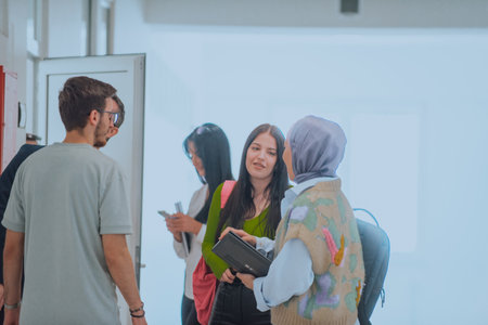 In a school hallway, a diverse group of students takes a break from their classes, engaging in lively conversations that reflect the rich tapestry of their multicultural friendships
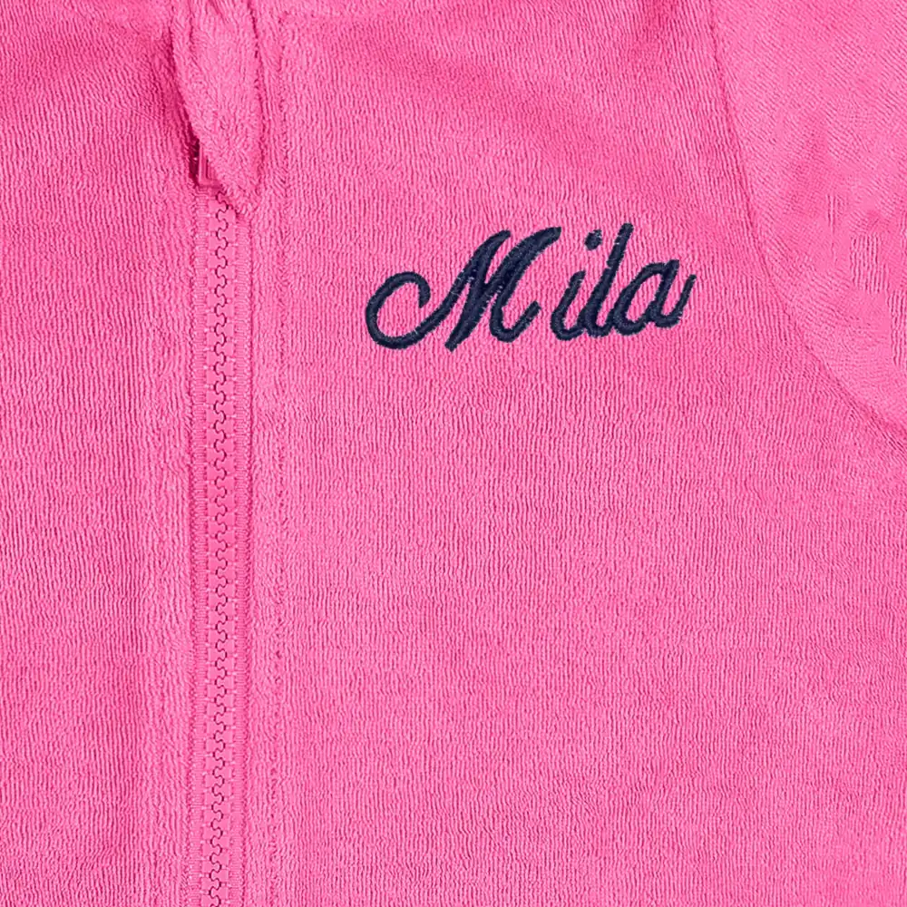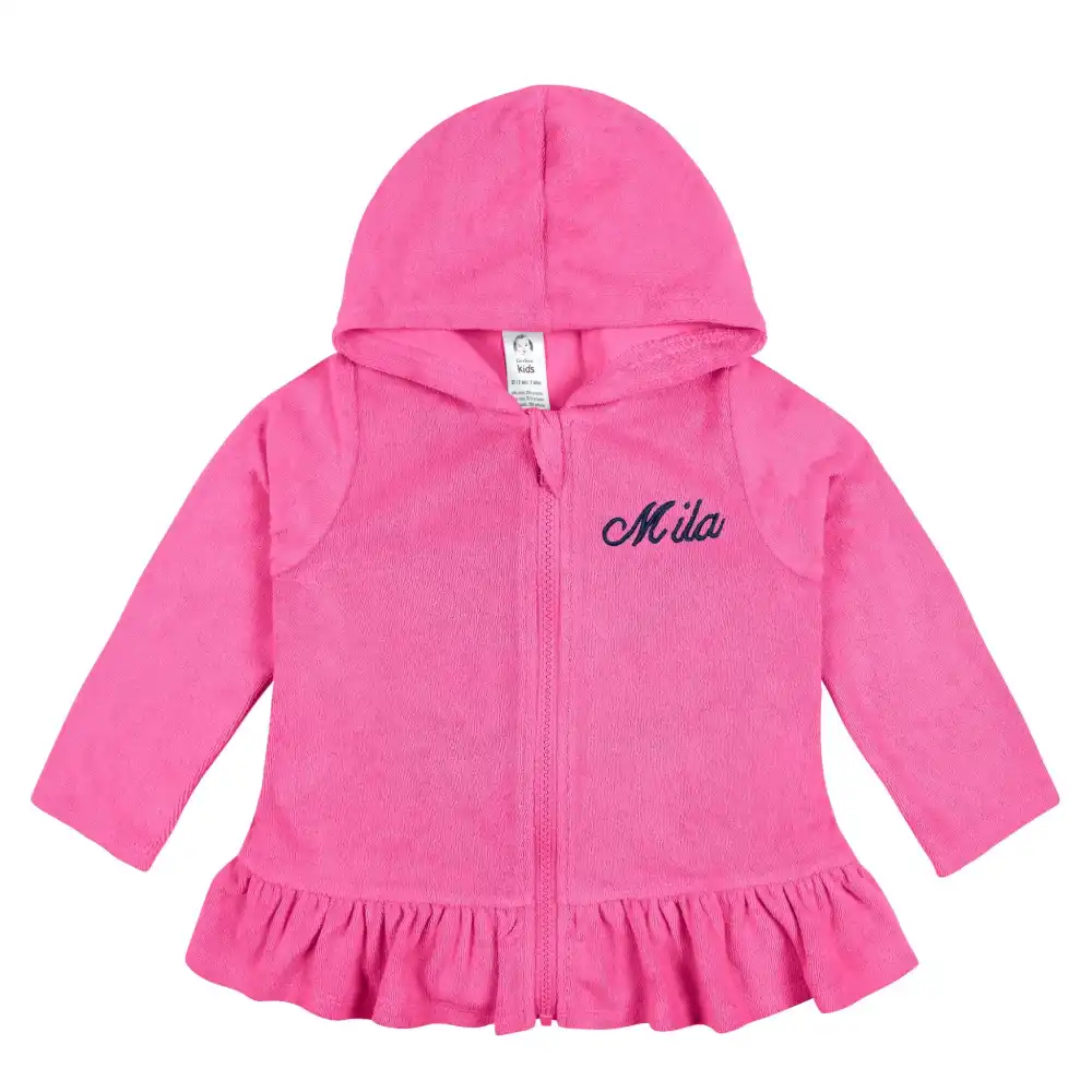 Embroidered Baby & Toddler Girls Pink Hooded Zip Front Terry Swim Coverup
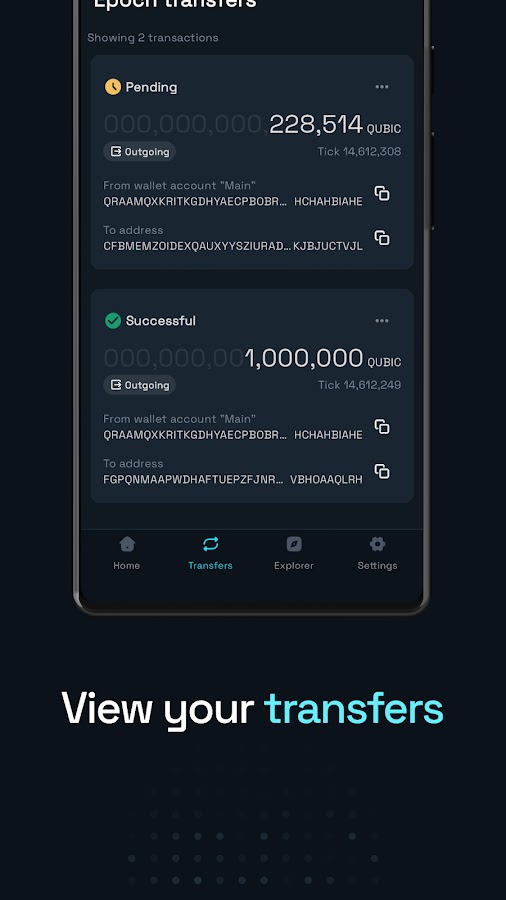 • Легко отправляйте и получайте ресурсы Qubic.

◆ **Task objective**: Set down the material above exactly. Skip any picture.

◆ **Task response**:
 In a school hallway, a diverse group of students takes a break from their classes, engaging in lively conversations that reflect the rich tapestry of their multicultural friendships
 Embroidered Baby & Toddler Girls Pink Hooded Zip Front Terry Swim Coverup
 • Легко отправляйте и получайте ресурсы Qubic.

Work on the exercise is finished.